Janine: Yes. Many gifts. One is to be a part of a growing community of women. This has changed me. When I go to these initiations and get to know in a deeper way women whom I met when they initially went through the initiation — when I listen to them, and I hear the experiences of their rich lives — that changes me. These are women from all walks of life, leaders in their unique ways. I’m in awe of their life experiences, the amazing gifts that we each bring, and I feel very honored to be a part of that.
And for me it definitely touches something ancient. It fills an ache that I think I had in knowing that women have something to give and receive from one another that we get only from other women. It’s bringing to life an ancient memory.
AB: That’s a beautiful way to say it.
Janine: I think of some of the women I’ve known for eight years or so, and I’m awestruck by their passion for the work. These are the kinds of friendships where we may not see each other for a couple of years, and when we see each other again, no time has passed.
I’ve also appreciated my personal growth challenges in working so closely with the other co-founders and leaders of this initiation.
AB: What do you say today about those challenges?
Janine: Well, in the earlier years, we had some real tough things to go through together, working out dynamics between us, decisions, or aspects of the design. That predator/prey circuitry runs through us and between us, and to walk our talk we’ve been as thorough as possible to stay “in love” while clearing anything that arose.

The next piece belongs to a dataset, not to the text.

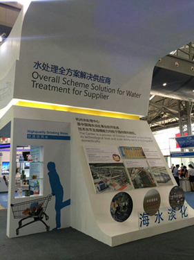 在“環(huán)境與服務(wù)”板塊,借助巨幅鳥巢夜景照片展板介紹了藍(lán)星水處理膜法回用技術(shù),使體育館污水處理再生利用率達(dá)100%,解決了鳥巢70%用水的水處理服務(wù)業(yè)務(wù),展現(xiàn)了藍(lán)星水處理在廢水治理及再利用領(lǐng)域的領(lǐng)先技術(shù)。藍(lán)星杭州水處理中心的海水淡化業(yè)務(wù)及高端純水技術(shù)和設(shè)備,在當(dāng)下的用水安全和水資源短缺的背景下,格外受關(guān)注。其中先進(jìn)的高端純水技術(shù)展陳方式是用一輛超市購(gòu)物車照片展板,搭配擺放青島啤酒、農(nóng)夫山泉、娃哈哈等飲料實(shí)物,許多參觀者都驚嘆他們?nèi)粘o嬘玫娘嬈吩瓉?lái)是經(jīng)過(guò)了藍(lán)星優(yōu)質(zhì)純水技術(shù)和設(shè)備的處理,賺足了參觀人氣。除了高品質(zhì)飲用水,杭州水處理中心的純水技術(shù)和設(shè)備還能“制造”醫(yī)藥用水和電子用水。

The gift that I live with now, every day, is that in a way it’s like a marriage: we’ve been through it all together, and we’re still there for each other. What I’ve learned is that it’s okay for my sisters to see in me the places that I once wanted to hide: the bitchy parts, the dark places. My sisters not only won’t go away, I think they love me more. They support me. It’s such a treasure in my life to have close women friends who I know are there for me no matter what.
And that took going through some raw places together.
I think being part of WIP helps me to know that I’m on the right path. Part of my life mission is to make a difference in people’s lives. My heart is settled knowing that to whatever degree, I’m doing that. That’s been another really priceless gift for me.